Looked around here but didn't see any of these handguns so I figured I would share mine. I am the original owner of this AMT Automag-II. It is a WMR-22mag rimfire handgun. It had a jamming issue with some ammo when it came out and it likes to fire Winchester ammo. This gun is pretty loud and has a recoil like a .38 special. If you are expecting the typical 22LR noise and recoil you will be in for a big surprise. The muzzle flash is huge, about 12 inches in diameter and it is really fun to fire.

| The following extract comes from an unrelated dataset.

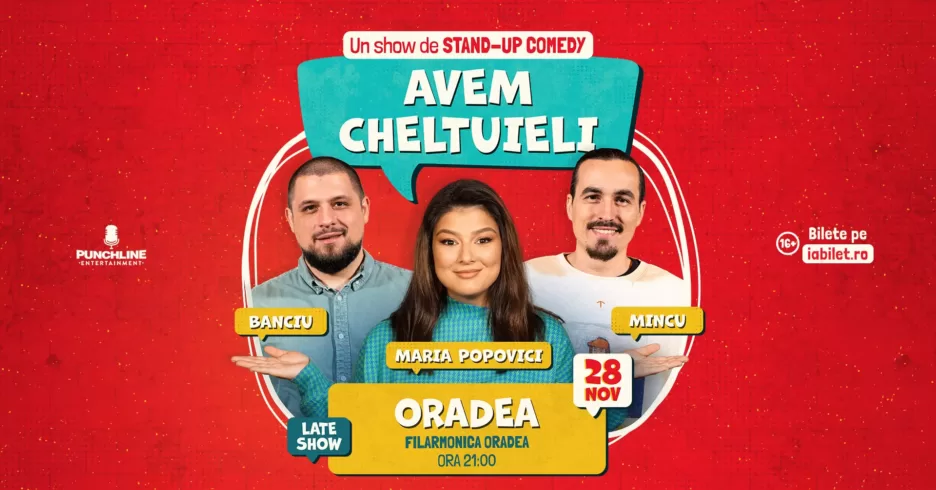 Spectacol de Stand-Up Comedy la Filarmonica Oradea, împreună cu Maria Popovici, Mincu și Banciu. Marți, 28 noiembrie, late-night show de la ora 21:00.
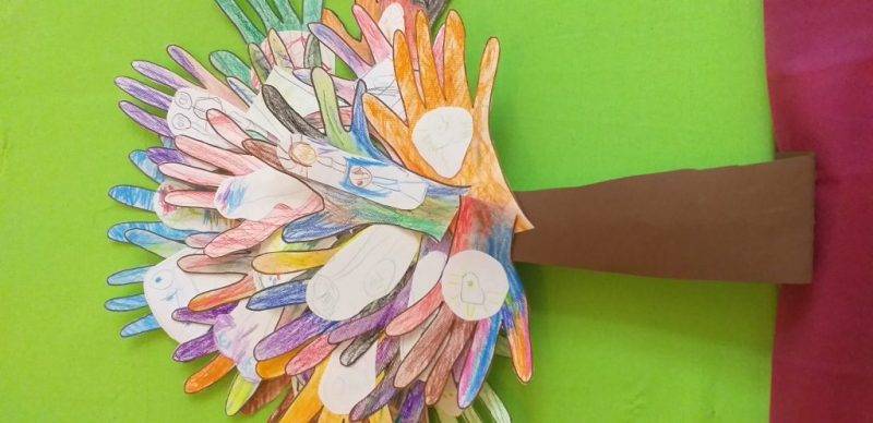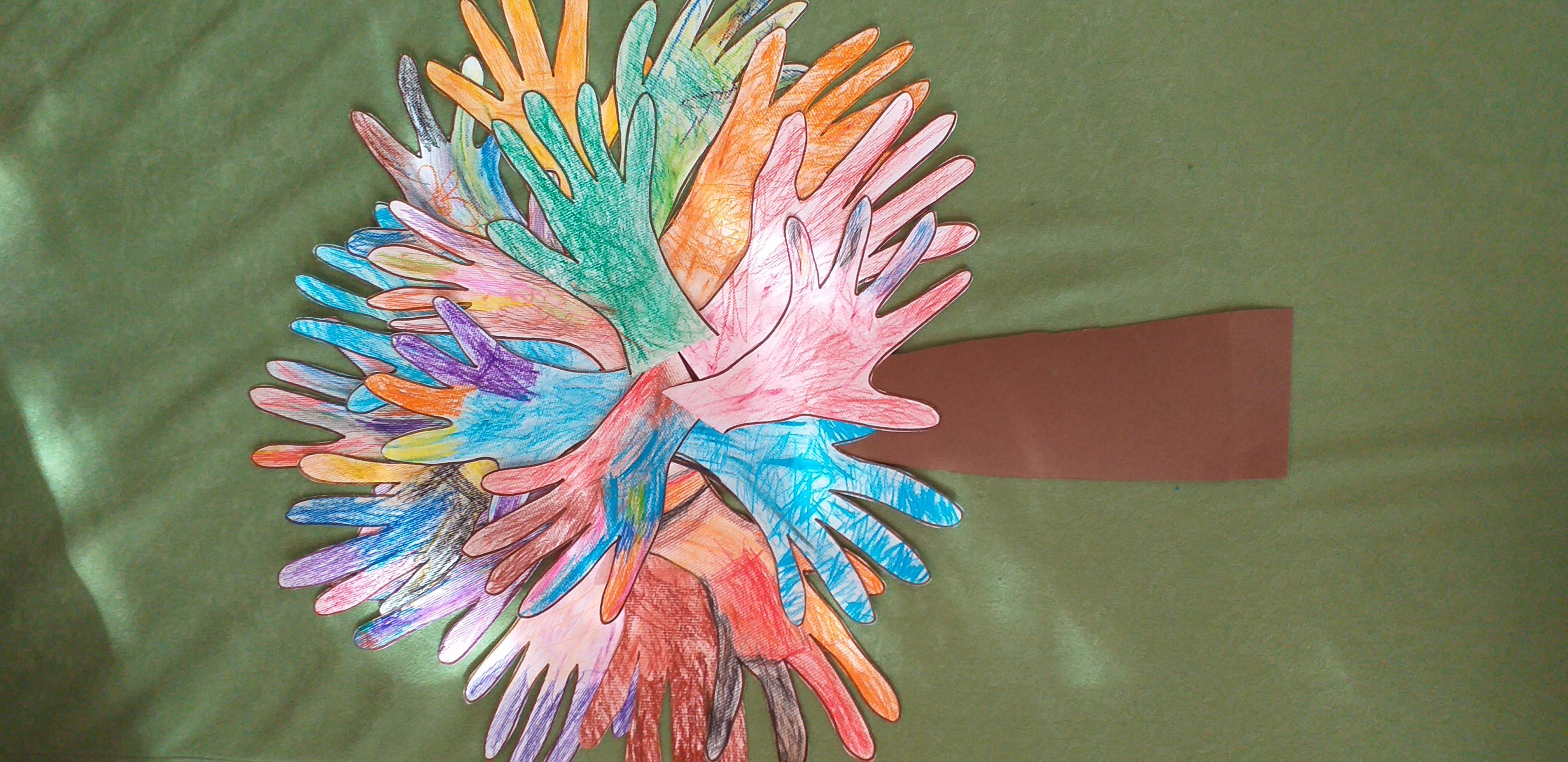 Közösen megalkottuk a fàt amelynek törzse az èn karom mintàjjàròl kèszült,a lombjàt pedig a gyermek munkàkbòl alakìtottam ki. A gyermekek a tenyèr mintàt kiszìneztèk,majd lerajzolta mindenki,hogy mièrt lehetünk hàlàsak.

Extraction and holding the case when firing was interesting how AMT overcame the issue. This excerpt is from wikipedia, "There were a number of engineering challenges to overcome in designing an autoloading .22 WMR handgun. Not the least of which are extraction problems. The extraction problems stem from the fact that the slow burning rifle powder of the .22 WMR cartridge develops a late peak pressure. This can cause the case mouth to expand and jam in the chamber when fired from a handgun. AMT overcame this issue by drilling 18 holes at 90 degrees to the chamber. A sleeve was then welded over the chamber; providing a tiny amount of clearance for the excess gas to escape from the first set of holes on back to the second set, thereby relieving the pressure enough to prevent the case from sticking." Really looks funny when the case is extracted with the burnt marks in the case. Little dots all away around the casing.

Now the wife and I joined the local shooting club we look forward to shooting this gun again. Should be fun. Here are a few pictures:


----------



## ifithitu (Jul 22, 2016)

Awesome!:smt1099


----------



## win231 (Aug 5, 2015)

I remember that gun well. I was working in retail firearms when those were available. Rather unusual gun - I thought the Millett Sights were nice, but those New Year's Eve sparkles on the top of the slide?

I also remember every one we sold - because the buyers always brought them back to the store & said, _"This thing don't work." _


----------